Basically he’s thinking like a Republican.

Chairmanships ain’t free

While I dislike this element of politics, Lieberman was perfectly clear about the cost of retaining his seat, and that was voting with the Democrats when they needed it. I’d hate to mention this to the Dems, but I told you so. Lieberman is a Republican except when he sucks enough people off, and we just need to get him out of the Senate.

And yet, he’s planning on campaigning for Republicans in 2010

Why is this not a surprise? I knew the bleeding hearts would get broken this way.

Lieberman was against the filibuster in ‘94, but he’s all for it now

As a Freshman Senator, he introduced a bill to do away with the arcane procedure. Now he’s embracing it as a big “fuck you” to the Democrats.


Oct 9 2009

Doing the Splits

The net result of the big bailouts of AIG and other “too big to fail” financial institutions is they’ve become larger and more “too big to fail.” The debate as the bailout happened was whether we should allow these companies to fail or should we bail them out. We were assured the institutions were strong enough to survive, that we’d see the money back with interest, that our investments were safe and necessary. A highly publicized stress test helped reassure us this was the case. Hank Paulson and Tim Geithner told is it was necessary.

Now the auditor general of the bailout is telling us we were misled, that these institutions are not sound.
I have a thing against big business at times, and this is one of those times. AIG and the rest of these banks got greedy, and a little too big for their britches. If you want to trace the origin of these troubling times, you can find it in hubris and greed. When hubris and greed take over, people and the rest of the world ceases to be relevant. The result is the disaster we are currently enjoying, these desperate for revenues but won’t tax more except for these little fee increases here and here, highly unemployed, desperate times.

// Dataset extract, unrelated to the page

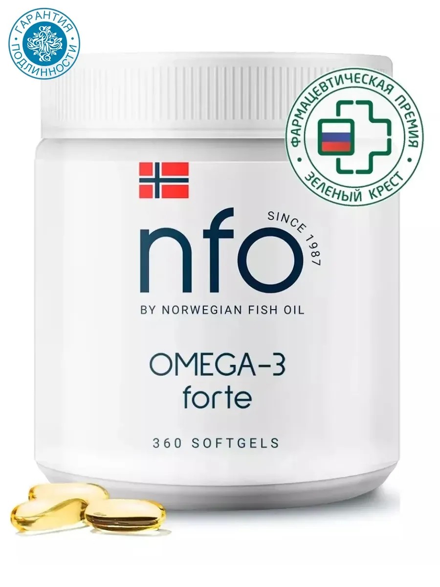 Omega-3 forte is a natural, highly purified fish oil in odorless, tasteless gelatin capsules with a high concentration of omega-3 in one capsule to improve the health of adults and children aged 3 years and older. Wild fish oil from the Norwegian Sea is truly a priceless treasure of Norway and is considered one of the best in the world. The complex contains very important components - polyunsaturated fatty acids - eicosapentaenoic (EPA) and docosahexaenoic (DHA) in a high concentration per capsule. These amino acids are the building blocks of cell membranes of all organs and systems of the human body, but the body does not synthesize them itself, but only comes from outside. Reduces the risk of cardiovascular diseases, helps normalize blood pressure; improves memory, attention, thinking functions; helps reduce the level of "bad" cholesterol in the blood (LDL); participates in the formation of the nervous system and visual organ in children; activates the immune system, reduces the intensity of inflammatory processes; Improves the reproductive system of men and women; normalizes metabolic processes in overweight individuals; affects the appearance of the skin, promotes skin hydration, smooths out wrinkles; helps maintain tone, energy, youth, and slows down the aging process. It is an essential component of an athlete's diet for weight management, improved metabolism, and rapid recovery after high-intensity training. Not a medicine.

Every time a bank fails, it gets bought out, and another bank becomes larger, at least in terms of its deposits and customer base are concerned. AIG and some of its brethren are fairly unchanged, and the financial derivative products that caused all this mess are now the same products that are being looked upon to bring us out of this mess. Used to be history would run in long, slow cycles, but these cycles have picked up so much, we could practically hook them up to a turbine and call them a green energy source. We’ve completely lost our collective short term memory. We’ve reached the point in the Jumping Jesus Phenomena that the poor guy is on a pogo stick.

There is a phenomena in Hollywood where people who make bad movies get more chances (Joel Schumacher is a good example), and so they fail upwards. Is AIG going to be the same thing, or can we stop it before it makes the financial industry version of “Batman and Robin?”

Might it not have been a more constructive path to split these companies into smaller companies that could compete for available business, hire more people, and each pursue their own fortunes and expansion?

Similar things have happened before, but more often for anti-trust actions. Remember when we split  Ma Bell into the babybells? What if we had made baby AIG’s? We’d have created a lot of that competition we talk about in the Health Care debate. As we did this, the companies would have needed a whole new infrastructure of people, IT departments, HR departments, marketing and printing and advertising, sales forces, too. We’d lick that whole unemployment problem a bit faster.

Of course, if the bailout isn’t enough, there’s still time to do this, or just let them fail. Instead of making too big to fail companies bigger so that we can await the next bailout, why not punish them so they are small enough that they could be allowed to fail on their own merit. I’m just saying.